• **Given information**
==================================================
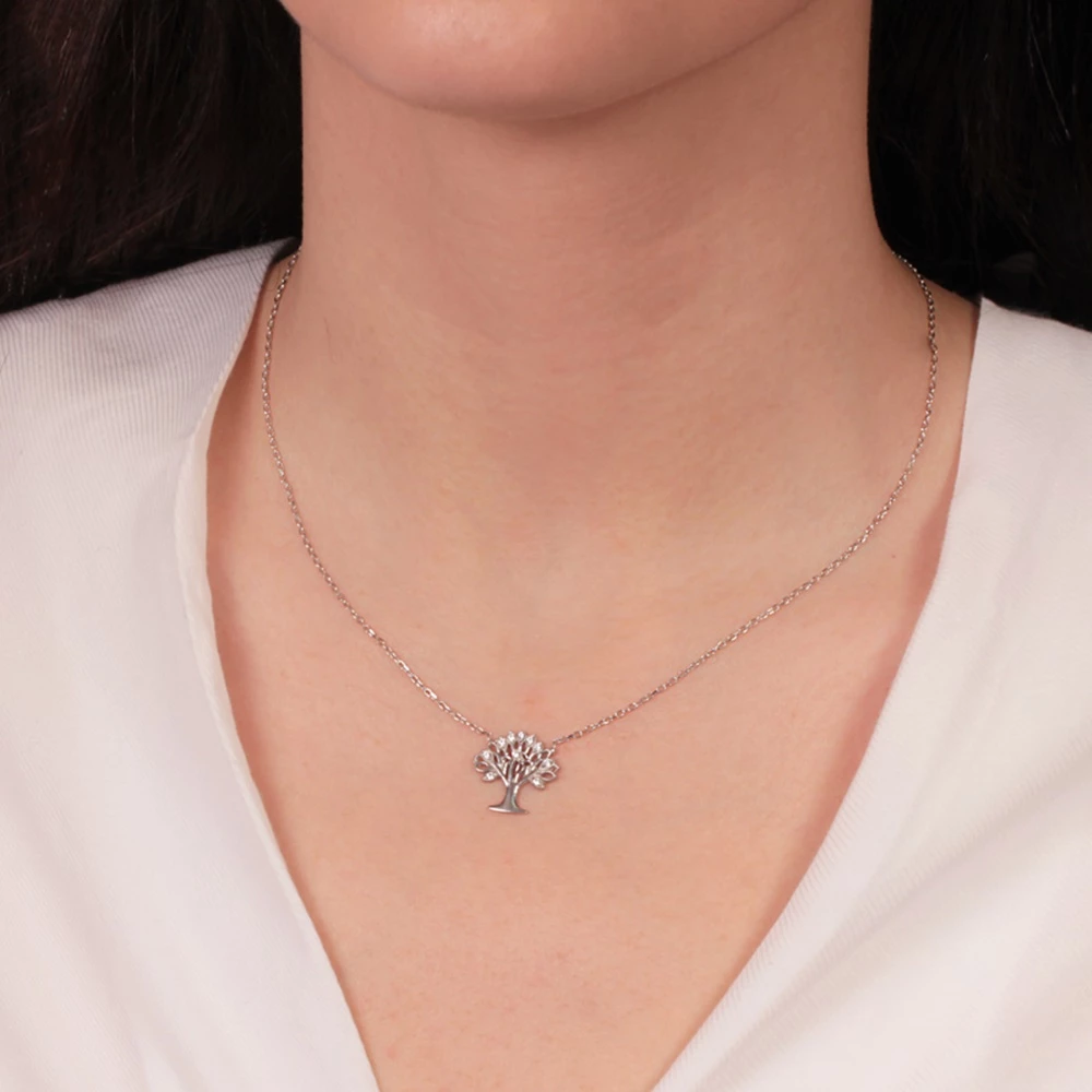 Γυναικείο κοντό κολιέ JEWELTUDE από ασήμι 925. Λεπτή αλυσίδα με προέκταση, και pantatif το Δέντρο της Ζωής, διακοσμημένο με λευκά ζιργκόν που χαρίζουν λάμψη.
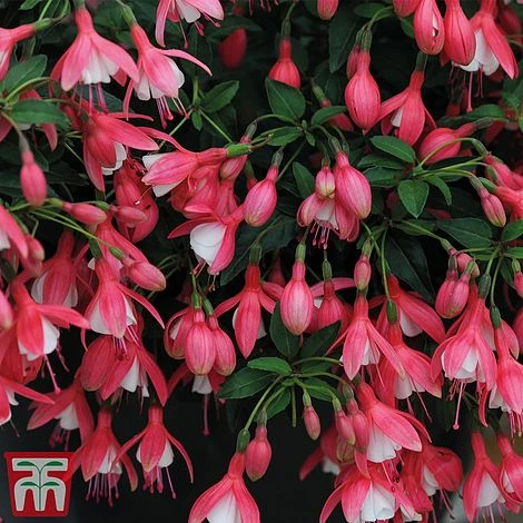 Fuchsia ‘Lady Thumb’ is a neat, compact hardy fuchsia for patio pots, rockeries or mixed perennial borders. The classic flowers are pink and white, and produced in profusion from June and on into the summer. Fuchsias will grow very well in sun or part shade, and are excellent for difficult corners of the patio. Fuchsias require very little maintenance, just some casual deadheading every few days will encourage more blooms. Height: 30cm (12″). Spread: 45cm (18″).
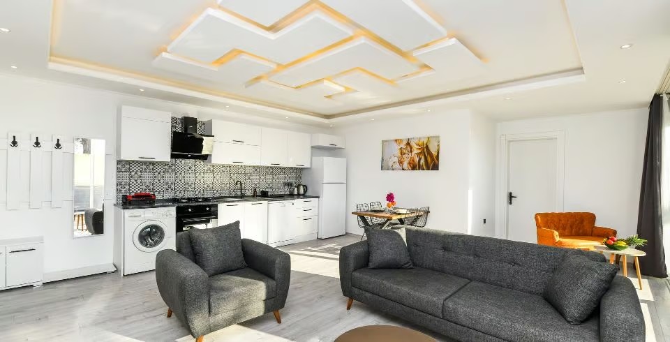 Mutfak :  Amerikan mutfak, buzdolabı, bulaşık makinesi, 4´lü ocak, yemek masası ve sandalyeleri, mutfak araç ve gereçleri bulunur.
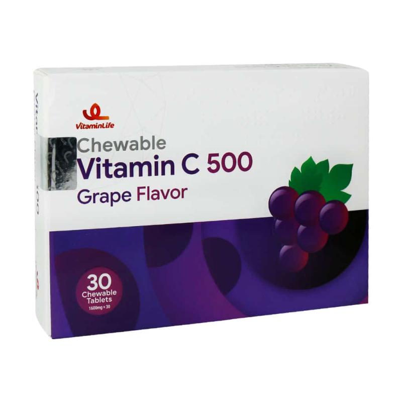 قرص جویدنی ویتامین C 500 میلی گرم ویتامین لایف طعم انگور سیاه 30 عددی Vitamin Life Vitamin C 500 mg 30 Chewable Tablets
==================================================
• **Aim of the exercise**
Once the line containing "Mutfak :  Amerikan mutfak, buzdolabı, bulaşık" has been found, write out exactly that line and each one after it through the end of the data, leaving out every picture.

• **Your solution**
 Mutfak :  Amerikan mutfak, buzdolabı, bulaşık makinesi, 4´lü ocak, yemek masası ve sandalyeleri, mutfak araç ve gereçleri bulunur.
 قرص جویدنی ویتامین C 500 میلی گرم ویتامین لایف طعم انگور سیاه 30 عددی Vitamin Life Vitamin C 500 mg 30 Chewable Tablets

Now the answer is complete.